▶ **Your goal**: Print exactly the lines from the one containing "미국에서 냉동 라자냐는" through the last line of the entries below; the pictures stay out of the copy.

Records drawn from a dataset
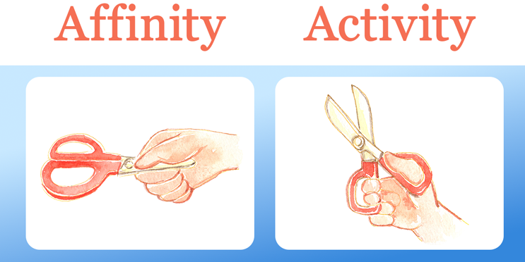 Just because an antibody binds tightly to the target, doesn’t necessarily mean it’s bound in the right place. He uses a scissor analogy to explain this concept (illustrated below). You can hold scissors tightly by the blades, which symbolizes a high-affinity interaction, but that doesn’t help you cut anything. However, if you hold them loosely and in just the right places, you can cut away to your heart’s content.
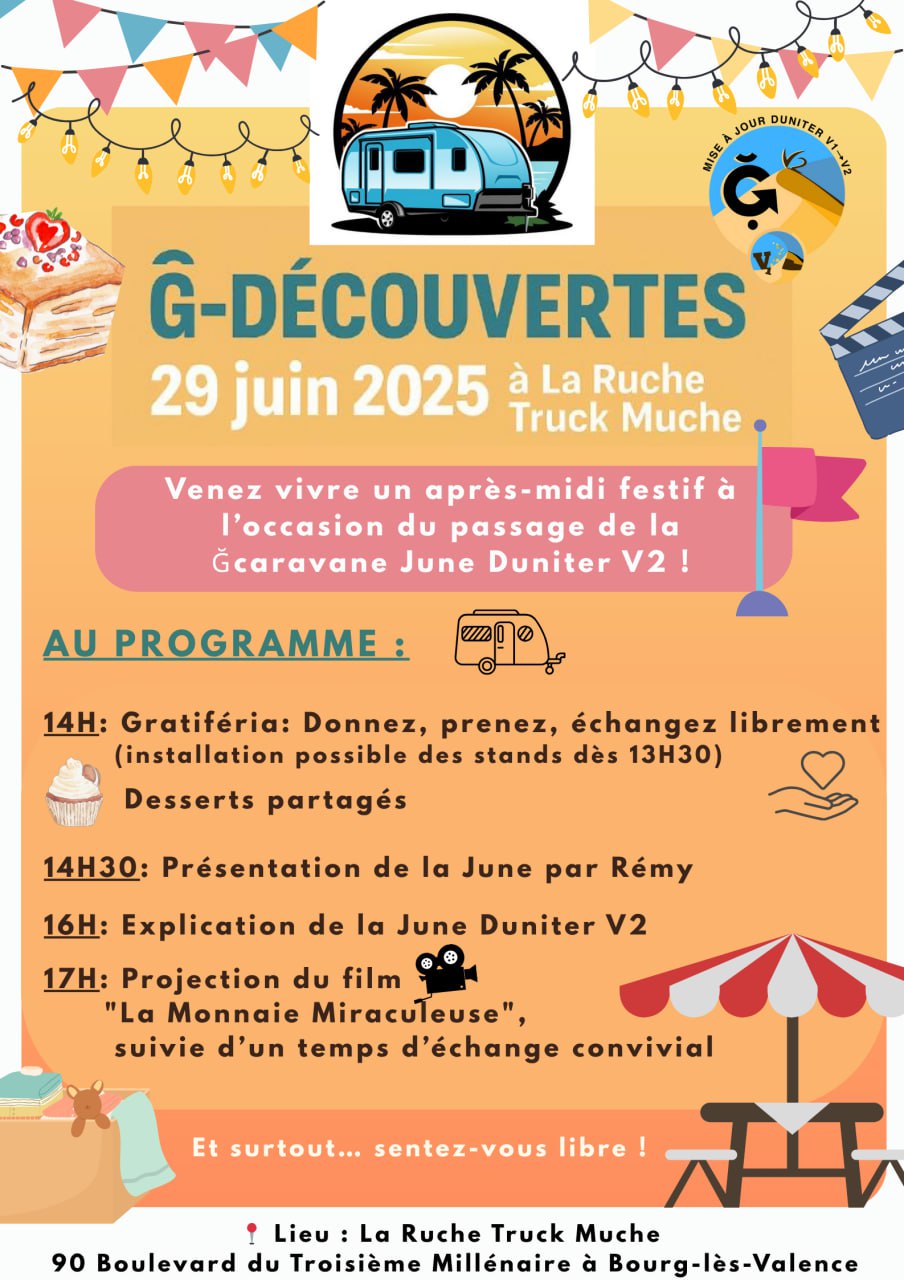 Venez vivre un après-midi festif de rencontres, découvertes et de partages à l’occasion du passage de la Ğcaravane June Duniter V2 !
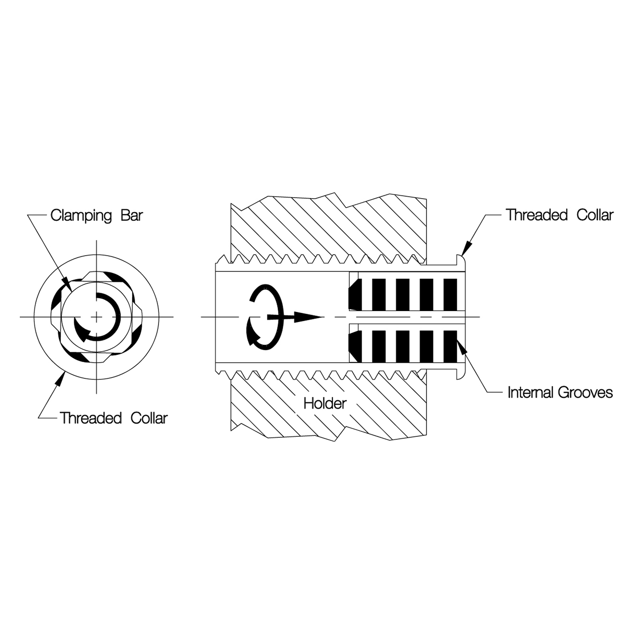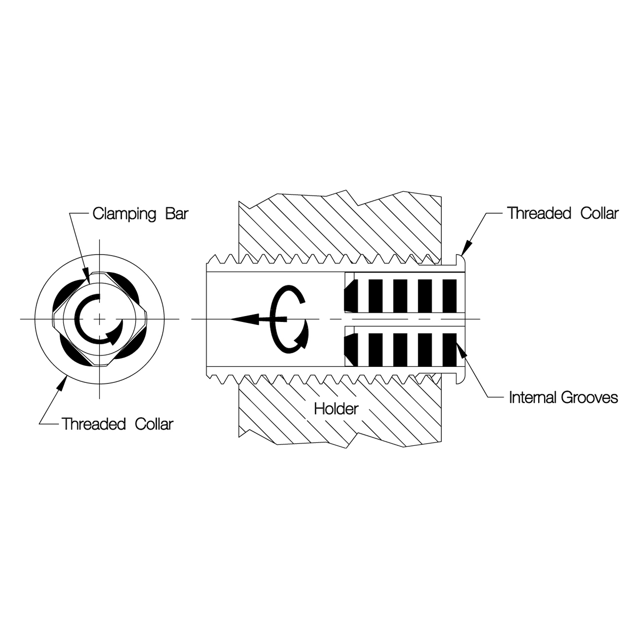 Clockwise Turning the clamping bar clockwise engages internal grooves in the threaded collar. Both components then turn together as a single unit to apply screw force. Counterclockwise Turning the clamping bar counterclockwise loosens the screw clamp and disengages the collar, allowing the bar to slide back and forth.
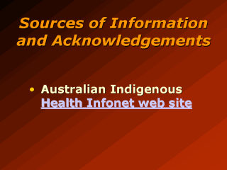 draws extensively from material presented on the Australian Indigenous Health Infonet web site. In particular, the summaries of information on health status and on social issues and indicators is gratefully acknowledged. The web site provides a great deal of information on Indigenous health. Students are encouraged to explore the web site via the hypertext links provided in this lecture, and to explore the primary sources of information used by the site. Dr Joan Cunningham’s comments on a previous version of this lecture are gratefully acknowledged. |
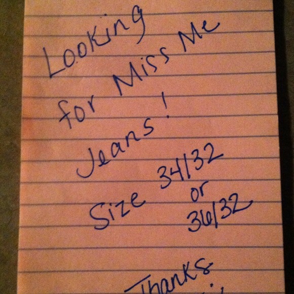Looking for Miss Me 34/32s or 36s bootcut. Please let me know if you have any for sale! Thanks! :)
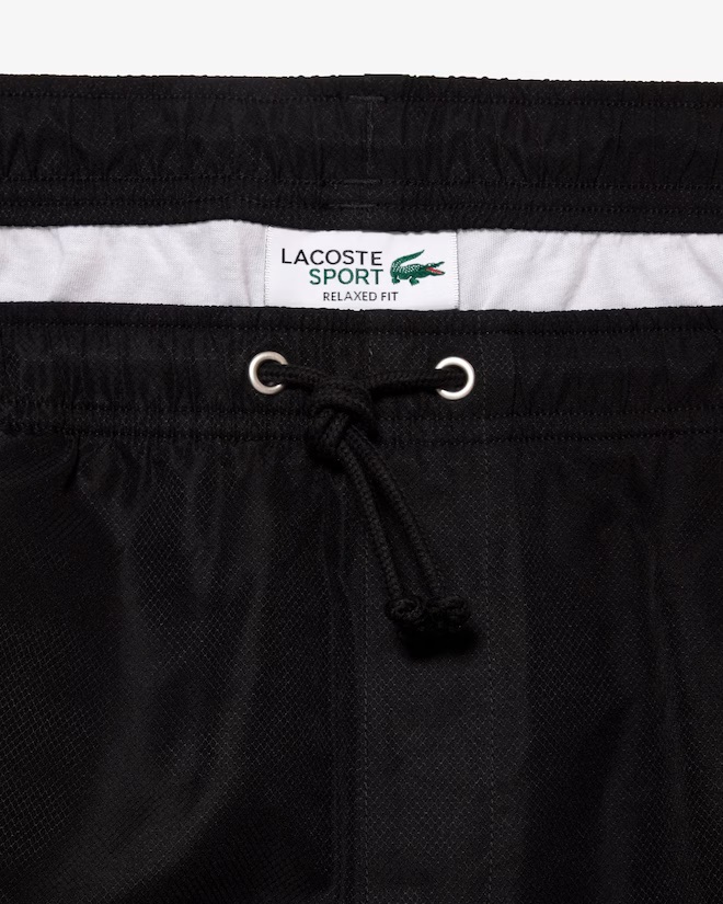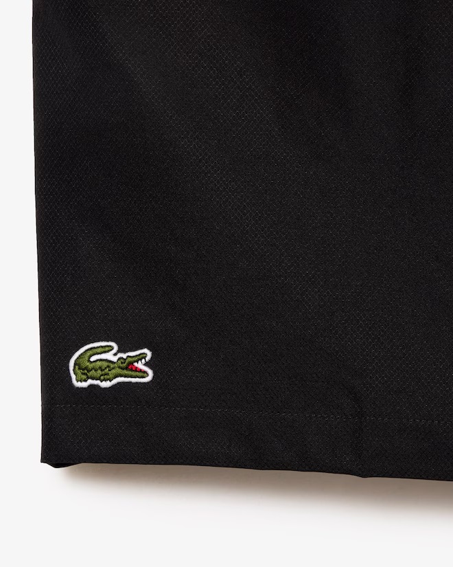 Questi shorts sono pensati per le normali sessioni di tennis e sono realizzati in taffetà a rombi, uno dei tessuti iconici di Lacoste. Un capo essenziale del guardaroba maschile, caratterizzato da taglio classico e fodera in jersey. This item runs large. We advise you to take one size smaller than your usual size. Tradizionale taffetà a rombi leggero Relaxed fit Tessuto elasticizzato per la libertà di movimento Altezza del cavallo: 8,5" / 21,5 cm Coccodrillo ricamato sulla gamba
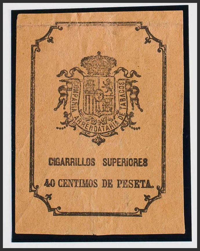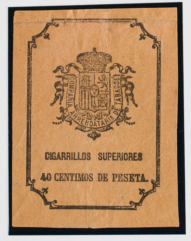 (★)(1876ca). IMPUESTO DEL TABACO de (1876ca). 40 cts negro sobre salmón. CIGARRILLOS SUPERIORES. MAGNIFICO Y MUY RARO, NO RESEÑADO.
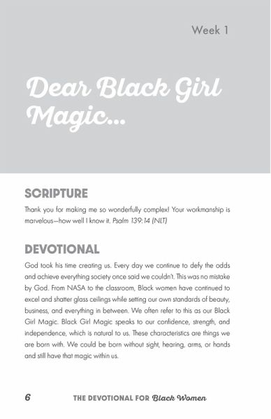 Get ready to put aside obstacles, doubt, fear, and negative self-talk-and say "Hello!" to what makes you truly magical in God's eyes. The Devotional for Black Women offers 52 weeks of biblical devotionals and inspiration rooted in prayer journaling, biblical affirmations, and practical guidance for building intimacy with God. This Christian devotional for women will help you fully embrace your identity in Christ, understand your God-given purpose, and confidently walk in your calling. With weekly devotional content, journaling prompts, and real encouragement, readers will be empowered to: * Overcome societal narratives that too often define Black women's identity * Cultivate a deeper, more personal relationship with God * Build faith, trust, and confidence to walk as a Black Christian woman * And so much more This undated devotional offers the flexibility to engage at your own pace and is the perfect gift for those seeking daily devotional books for women who want to integrate their faith into every part of life.
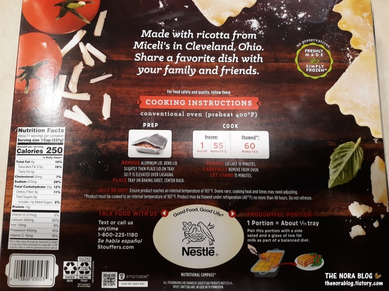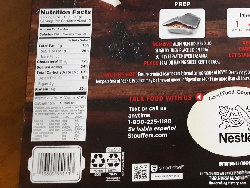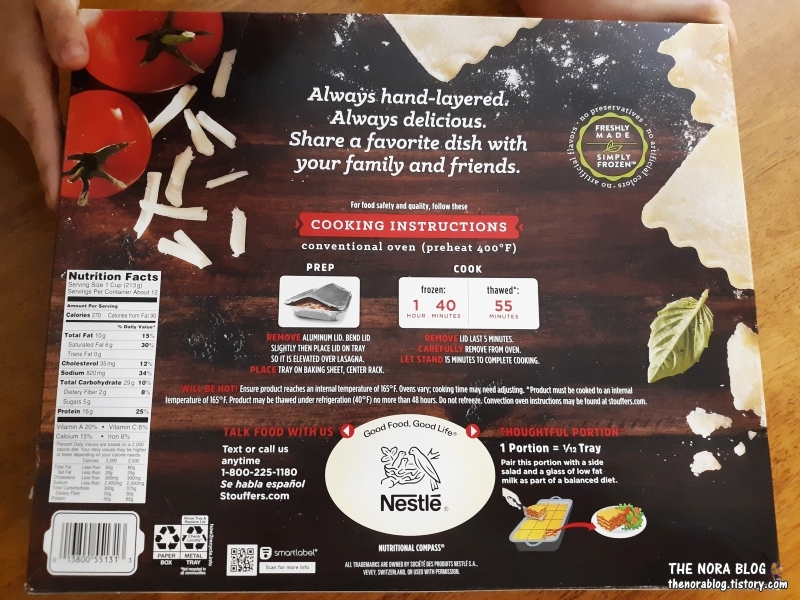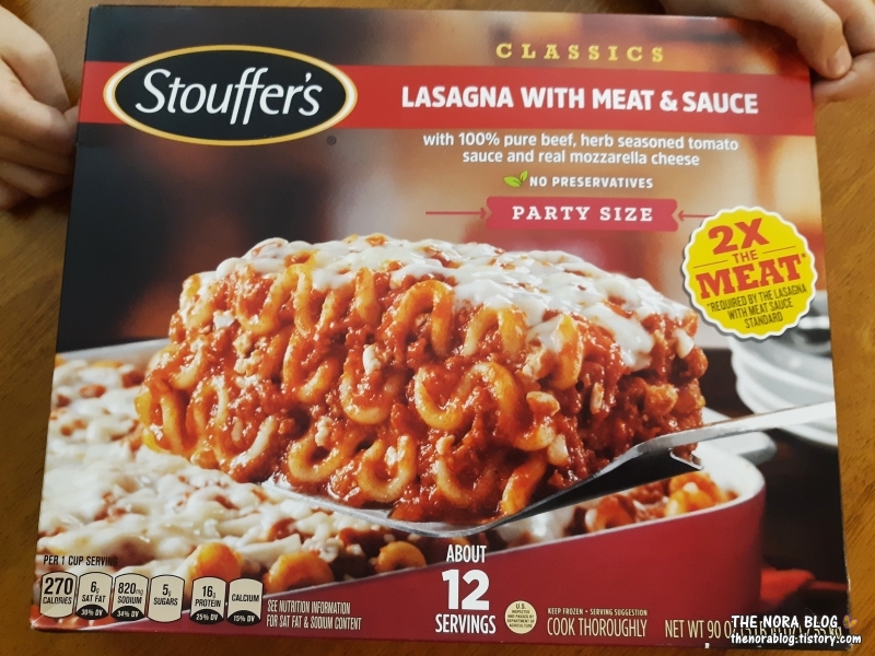 미국에서 냉동 라자냐는 개인적으로 Stouffer's(스토퍼즈) 것이 맛있어요. 스토퍼즈 냉동 라자냐 중에서는 Lasagna with Meat & Sauce(미트 & 소스가 있는 라자냐)가 제일 맛있고요. 라자냐 미트 & 소스로 2개 사서 두번 먹었습니다.
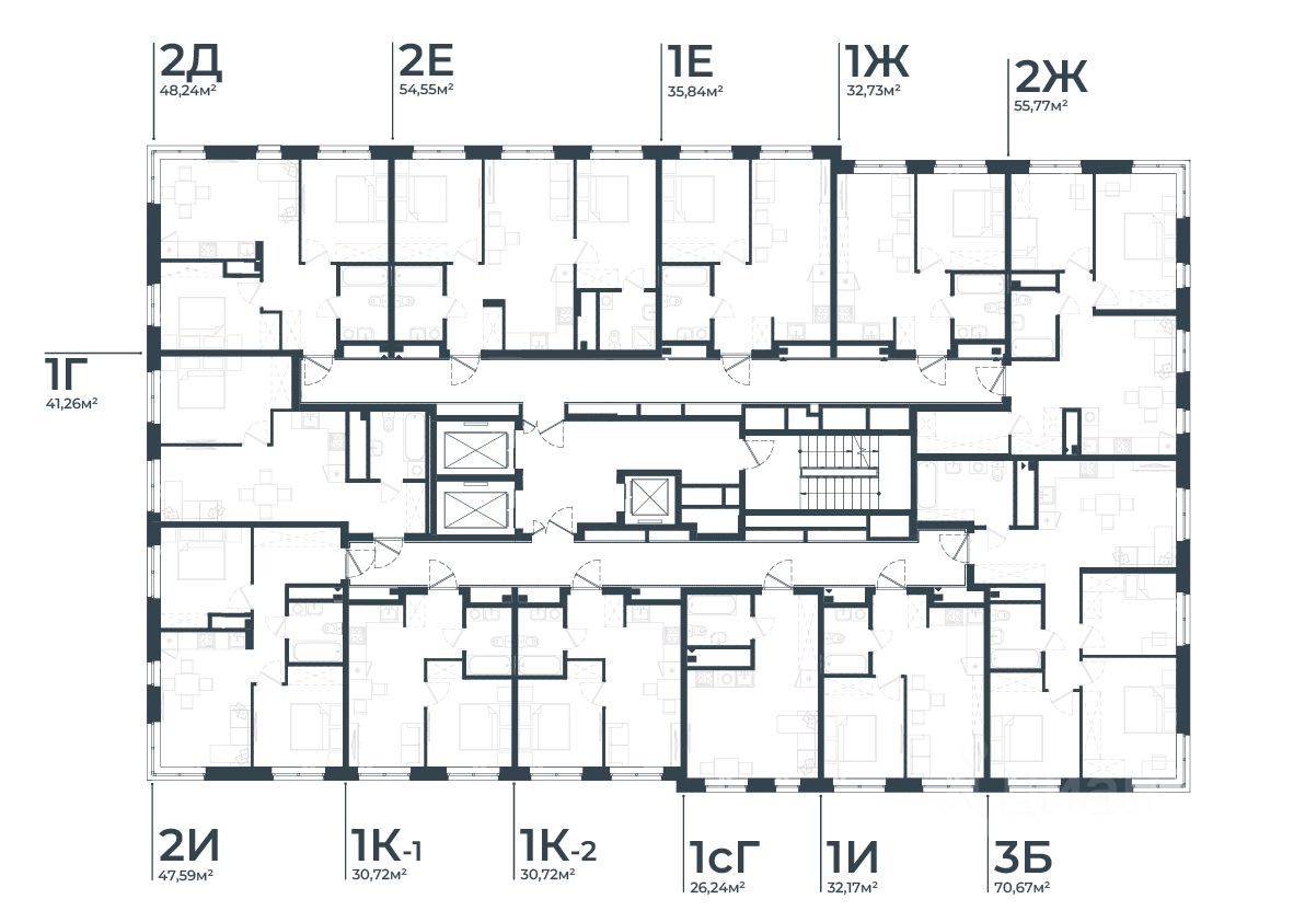- Кладовые помещения на каждом этаже и на -1 этаже. В проекте 25 планировочных решений: от уютных студий от 21,51 м² до квартир с тремя спальнями и кухней-гостиной до 66,58 м² с функциональным разделением на гостевую и приватные зоны.
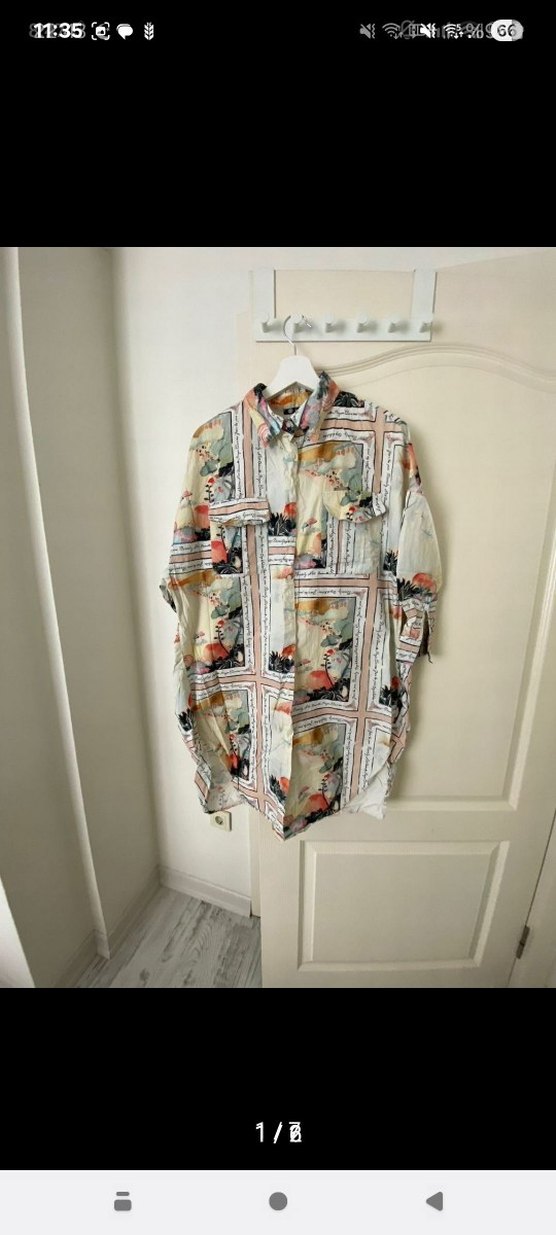Kadınlar için uzun kesim, kısa kollu, düğmeli ve yakalı gömlek. Pastel renklerde batik desenli, bohem ve vintage tarzda, yumuşak dokulu kumaştan yapılmıştır. l xl olur geniş kesim
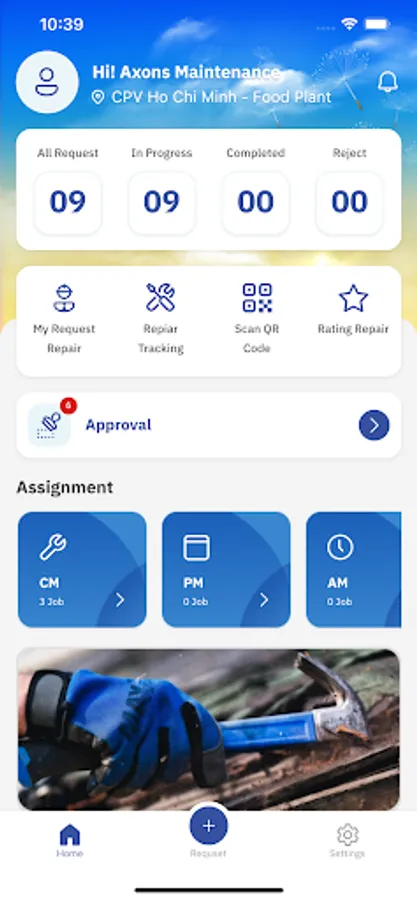 Axons Maintenance provides machine maintenance services. There is a repair notification feature. notify mechanic Able to go in and repair the machine in a timely manner

▶ **Completed exercise**:
 미국에서 냉동 라자냐는 개인적으로 Stouffer's(스토퍼즈) 것이 맛있어요. 스토퍼즈 냉동 라자냐 중에서는 Lasagna with Meat & Sauce(미트 & 소스가 있는 라자냐)가 제일 맛있고요. 라자냐 미트 & 소스로 2개 사서 두번 먹었습니다.
- Кладовые помещения на каждом этаже и на -1 этаже. В проекте 25 планировочных решений: от уютных студий от 21,51 м² до квартир с тремя спальнями и кухней-гостиной до 66,58 м² с функциональным разделением на гостевую и приватные зоны.
Kadınlar için uzun kesim, kısa kollu, düğmeli ve yakalı gömlek. Pastel renklerde batik desenli, bohem ve vintage tarzda, yumuşak dokulu kumaştan yapılmıştır. l xl olur geniş kesim
 Axons Maintenance provides machine maintenance services. There is a repair notification feature. notify mechanic Able to go in and repair the machine in a timely manner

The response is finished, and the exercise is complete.